On Special Needs

PaulNasso1Raising sons—or daughters, for that matter, is not for the fainthearted. I raised two strong sons. There were trials, and I found myself walking through burning embers of emotion more than once. My sons are plagued with learning disabilities as am I and as their father was. This is my oldest son’s journey through what I will call socially-acceptable learning and his young life.

He spent his formative years watching his father die.  He lashed out and broke toys, windows or anything else that fell into the way of his fists.  He had reached eight by the time he started pouring out his soul on paper, drawing facial portraits of family members in pencil: things of beauty meant to hang in wooden frames on parlor walls.  He had reached nine when he traded the delicate shadings depicting noses for deep hollows around bold eyes screaming from naked skulls carved from clay.
He spent seven years in public schools being knocked about for his angry ways that were nestled in frustration, and seven more bathed in the caring arms of an academy built by a man who knew all children were not created to fulfill teachers’ daydreams.

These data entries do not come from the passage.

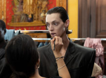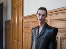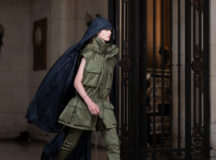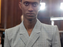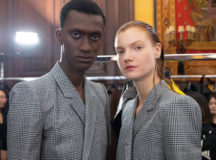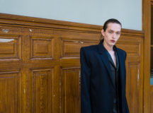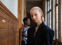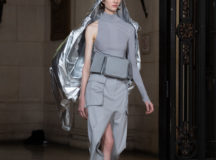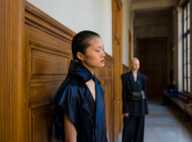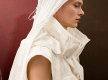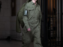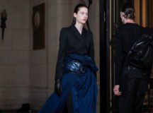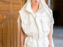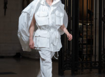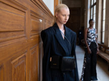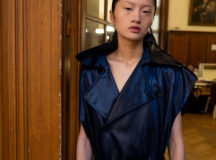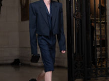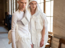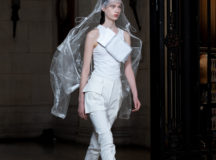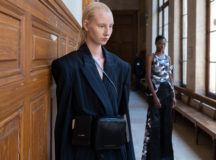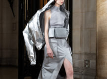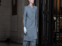 Suit items made with sharply tailored shoulders and delicate silhouettes, technically functional pocket details,
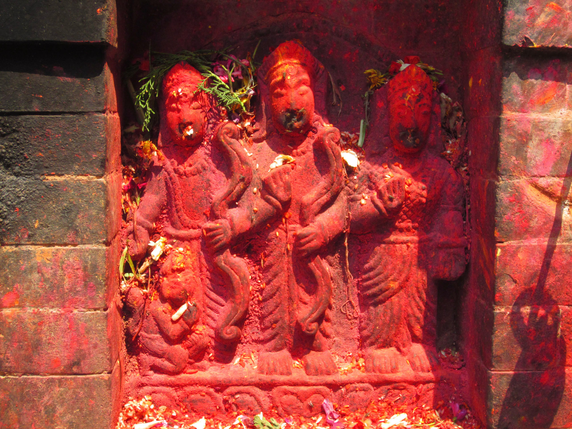 Encore plus qu’à Kathmandu, on sent la dévotion des habitants de Bhaktapur. Partout, des autels, des statues, des rochers sont colorées de pigments et de pétales de fleurs. Certaines statues sont complètement recouvertes de rose et de rouge.
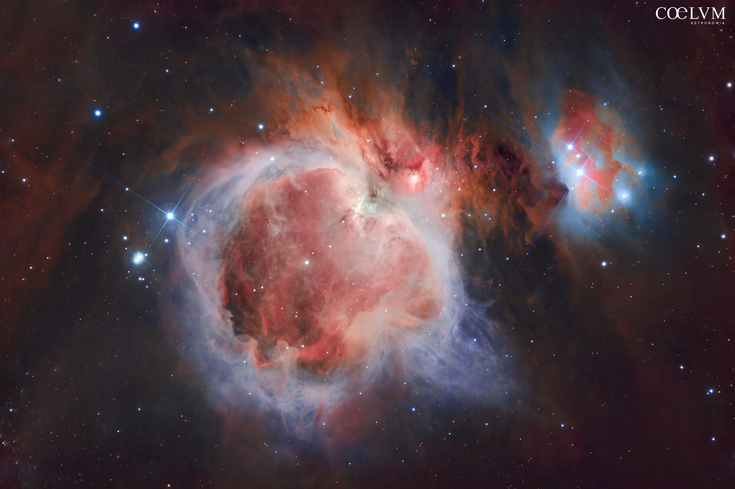 La nebulosa di Orione è tra le nebulose più brillanti del cielo invernale, riconoscibile anche piccoli binocoli come oggetto non stellare. E’ un’intensa regione di formazione stellare distante dal Sole circa 1400 anni luce Sulla sinistra, la nebulosa Running man. E’ una nebulosa ad emissione (le zone più rosse) e a riflessione (le zone azzurre). Ripresa fotografica effettuata in 4 serate differenti per un totale di 13 ore di acquisizione dati
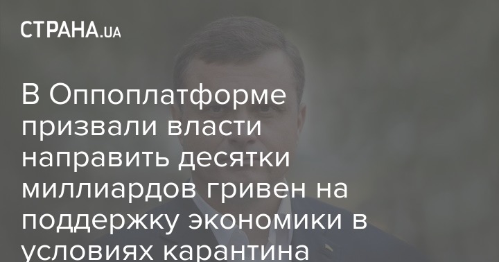 В Оппоплатформе призвали власти направить десятки миллиардов гривен на поддержку экономики в условиях карантина

He spent his spare time learning to explode things: bushes, clumps of grass and watched funnels of ocean leap up to escape M80s; only to fan out and return to the surface.  He stopped on the day he managed to put together real blasting powder from common items and nearly blew two hands off one his, the other belonging to his best friend.  He felt his anger start to fade.
He looked into colleges and found one far away from the source of his trouble: his home and family.  He roomed with a young man who was to become a nuclear physicist, and spent two hours to his roomie’s half hour on homework a fraction as hard.  He pondered the irony of the dinners of honor created for those who walked through learning as he sat as his desk hunkered over books beyond his comprehension.  He wondered where the honor would lie for him if at all.
He gave up and put his books to rest, deciding to excel in the frat houses.  He got an “A” in funneling that year and poured the most and the best of brews down his gullet until his family came and brought him back to the place he least wanted to be.
He spent nine months in his room until his mother pushed him out the door to Salem State; and another six weeks in summer school, living on campus in Peabody Hall, pouring over his books, becoming Student of the Summer: a distinguished member of the group.  He found his smile.
He moved to Bates Complex in the fall; and the supports that gave him what he needed most ripped away, tearing with it the healing that had been accomplished that summer.
On October 2nd, 1996 my son moved home, raw and unforgiving, resolving never to step foot in a house of education again.